Hannibal’s jaw clicked softly. He saw how Will bit back his words, and he felt a sudden heat in his chest: sharp, protective, consuming. “Your late husband,” Hannibal said with measured calm, “was scarcely competent to teach his own name. I recall more than one occasion when he mistook a ‘b’ for a ‘d.’” His voice was silk over steel. “The Hollow deserves better.”

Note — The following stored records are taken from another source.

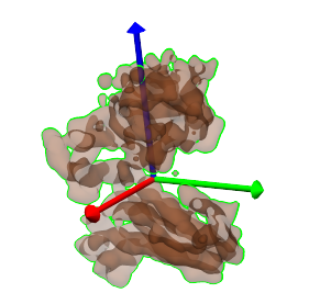 We can now align this structure to a segmented region in the density map. One way to do this is using the principal-axes transform. To see how this would work, select a single segmented region, and then select Regions->Show only selected, to show this region alone, then Regions->Make transparent to allow us to see through the region surface, and then Regions->Show axes for selected to show the principal axes for this region. The resulting view is shown in the image below.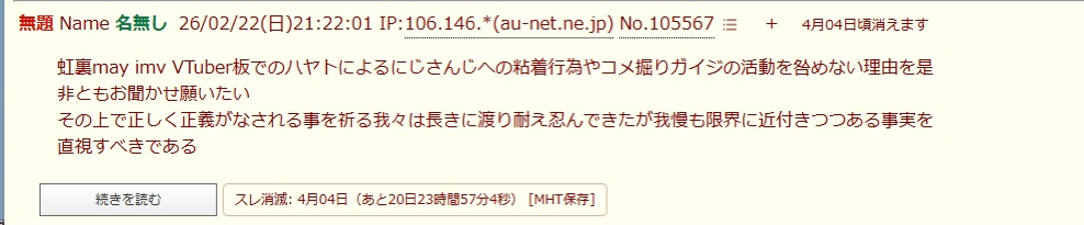 | … | 44026/03/15(日)03:33:46No.1410846828+アイドル部粘着も擦り付けるのか… |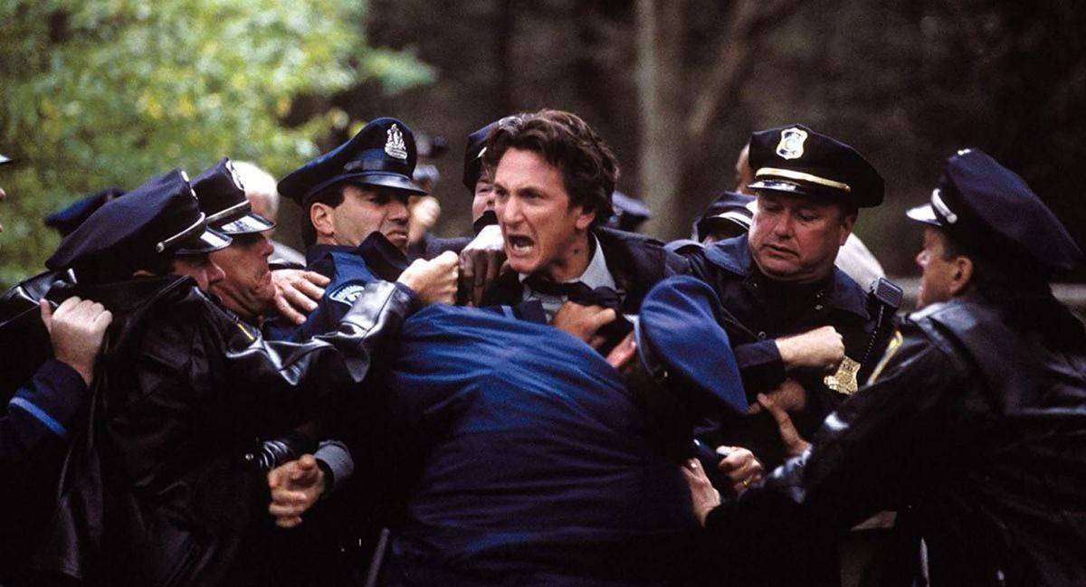 最后,被悲痛冲昏头的他,认定童年好友戴夫是凶手,逼他屈打成招,承诺留他一命,最终却还是下了杀手。

The Widow Miller gave a sharp laugh, brittle as snapped thread. “Better? Then God help us if this pale whelp is what you call better. He looks as though a strong wind might carry him off, curls and all. A schoolmaster, ha! He belongs in a cradle, not at a desk.” Her mouth curled in disdain. “Mark my words, Van Tassel, he will bring nothing but trouble.”
Hannibal’s hands trembled. He looked down and saw the skin along his knuckles darkening, hardening, as if the curse itself itched to break through. A crackle of pain went through his bones. His breath came ragged. How simple it would be. One surge, one breath, and the Horseman would stand where he stood, smoke wreathing where a head should be. The Widow’s sharp tongue would still, her basket of mending upturned in a spatter of scarlet, her head dangling from his gauntleted fist.
The image sang to him, sweet as any aria.
“Are you all right?”
Will’s voice, quiet, low, concerned, broke Hannibal from the haze of hatred consuming his thoughts. He looked down into those ocean eyes, clear and steady despite the flush in his cheeks. They fixed on him with a kind of unguarded sincerity that pierced straight through the storm.
His pulse slowed. His hands stilled. The black faded back into pale flesh.
“Yes,” Hannibal said softly, the fury banked though its embers still glowed. He glanced once more at the Widow Miller, who had already bent back to her stitching, smug in her spite. His lips curved, faint and cold. “Quite all right.”
But inside, the hatred coiled and smouldered, a promise waiting for its moment. He would not forget her words.
Beverly glanced between them, her lips pressing together in quiet dismay. After a moment, she set down her work and smoothed her skirts. “Perhaps I might take my break now. A short walk to stretch the legs,” she said carefully. “Mr. Crane, if you would join me? Master Van Tassel, of course.”
The Widow muttered, but Beverly did not wait for her answer. She led them out into the street, where the air was crisp with woodsmoke and the golden leaves stirred in the breeze.
“My apologies,” she said softly, once they were away from the door. “The widow’s grief has sharpened her tongue. She is not herself.”
“She is precisely herself,” Hannibal replied, voice smooth as glass. “Her rudeness has no excuse.”
Will glanced at him, startled by the edge in his tone, but Beverly pressed on. “In any case, ask what you will. I will tell you what I can.”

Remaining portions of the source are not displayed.